Currently, OpenFeature supports the following languages: On the backend side: .NET, Go, Java, Node.js, PHP, Python. And on the client side: Android, iOS, and Client-side JavaScript.

Observability

Utilizing FeatureFlag is great, but as explained in the introduction, it requires analyzing the behavior of your features to transform early access features into common features.

So, observability is one aspect we must consider when implementing feature flags.

Of Course, the vendor of feature flags may already provide a layer of observability…but when it comes to observability data, we want to ingest it back into an observability-backed system to proceed to some feature flag analytics combined with the overall behavior of our components.

As described previously, the great thing about OpenFeature is that the SKD provides out-of-the-box hooks for OpenTelemetry, which will help us automatically produce metrics and traces when evaluating feature flags.

If you plan to implement progress delivery of a feature, the observability angle will be crucial in helping you make the right decision.

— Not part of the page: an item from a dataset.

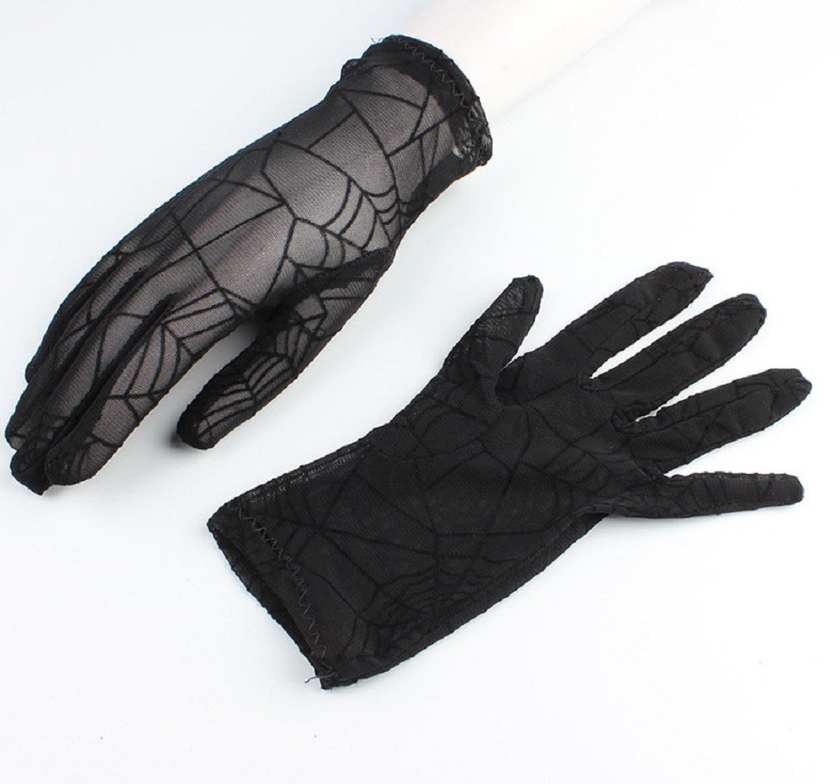 Luvas femininas com teias de aranha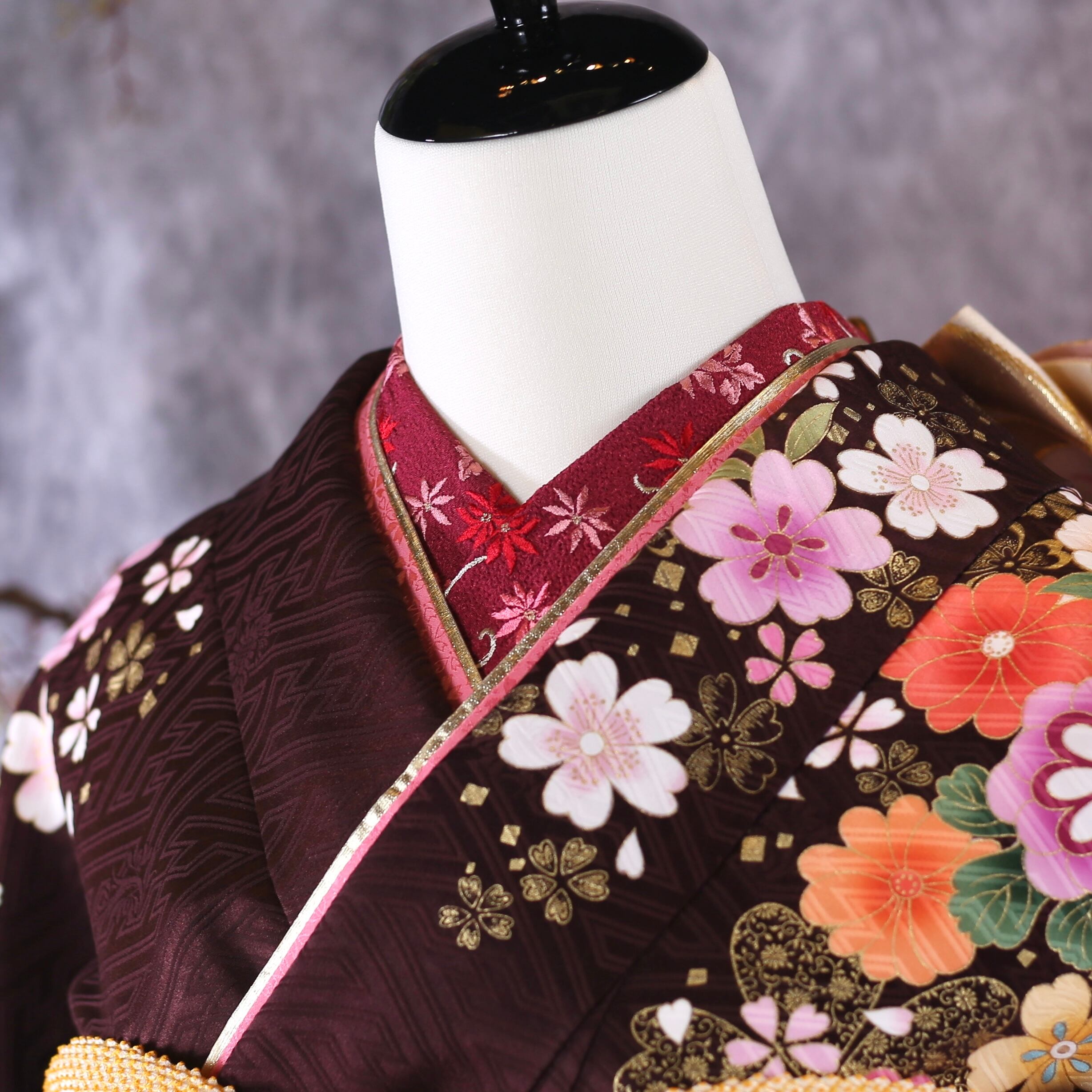 赤みのある茶色地に美しい桜吹雪が舞うように描かれた古典振袖です。

Before using the Opentelmetry Hook, ensure that the feature flag provided in the OpenFeature SDK does not already produce telemetry data. Otherwise, you’ll produce twice the same data… which will only increase the actual cost of observation.

OpenFeature: an overview

What is excellent with the OpenFeature project is that most of the vendors in the feature flag system market are part of this initiative, like:

This means that, similar to OpenTelemetry, most feature flag vendors have adopted the philosophy of OpenFeature.

Learn more about OpenFeature on their website: openfeature.dev.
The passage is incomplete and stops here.